Design teams from around the world unveil their visions today for a ring of ambitious projects circling San Francisco Bay, all aimed at increasing “resilience” to the challenges of rising sea levels and other growing threats to communities.

After a year’s worth of ground work, nine teams participating in the Resilient by Design Bay Area Challenge take the wraps off of their various visions. Some are long on lofty language and short on concrete plans, but all are the product of some of the world’s most forward-thinking urban designers, funded mainly by the Rockefeller Foundation.

“We’ve really been able to raise awareness around flood risk and come up with big ideas,” says Amanda Brown-Stevens, the project’s director. “And we believe that some of these ideas will be ready to take next steps — that we can move toward implementation.”

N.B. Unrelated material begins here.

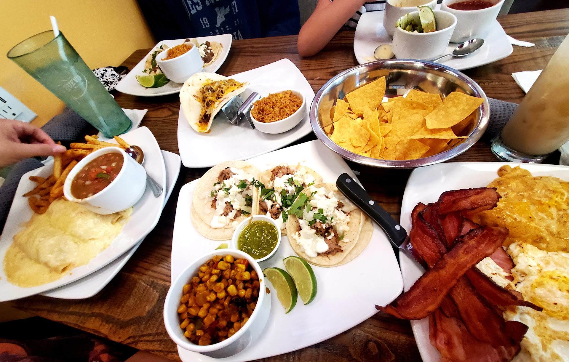 ย ย ย Read moreThis restaurant is a novel/unique mexi-breakfast concept (with a bar that opens at 8am. hahaha. lol), although they have extended their hours to lunch & dinner as well. That means the menu is different/unusual in a good sort of way. It's definitely not your traditional tex-mex place! So, the standard table setup does not include chips, queso or salsa. That'll set ya back about $8. Btw, the chips are served warm, the salsa is decent and the white queso is good too. It just needs to be thickened up a bit. I ordered the lunch/dinner enchiladas and they were delicious. The ranchero (red) sauce is spicy and has a kick. Can go hotter/spicier with the green chili sauce or substitute queso for a little less umph if you wish. My daughter got the mexi-French toast (yes, you read that right) with a carmelized banana sauce and fresh fruit topping. Omg! It made me wish I'd ordered a breakfast item instead! It was incredible! Seriously, I should have ordered a mexi-breakfast item! We were there for a late lunch. So, there was almost no wait to be seated. The food was served fast. And, our server, Rhonda, did a fantastic job. A manager even came around just to check on our table. That makes this an easy 5 star review! It's a new concept/place that's still adapting/changing to meet the market and staffed by folks who actually seem to care about what's going on. And, it shows! That's a formula for success in my...

Though none of the concepts will come cheap, some have fairly specific aims. The team known as Common Ground has a plan for relieving a major bottleneck at the north end of the bay. Designers envision raising State Highway 37 twenty feet off the ground to create a “Grand Bayway” that would both speed traffic between Sears Point and Vallejo and allow tidal flows to restore the marshlands underneath. Team members propose taking another year to establish “agreed goals and criteria” for their “far-ranging and ambitious” plan, while at the same time starting a series of smaller “bottom up” projects that would ultimately weave into the overall project.

Highway 37, much of which is one lane in each direction, has become a major headache for North Bay commuters even when it’s not closed by traffic mishaps or flooding, as it was several times in the wet winter of 2016-17.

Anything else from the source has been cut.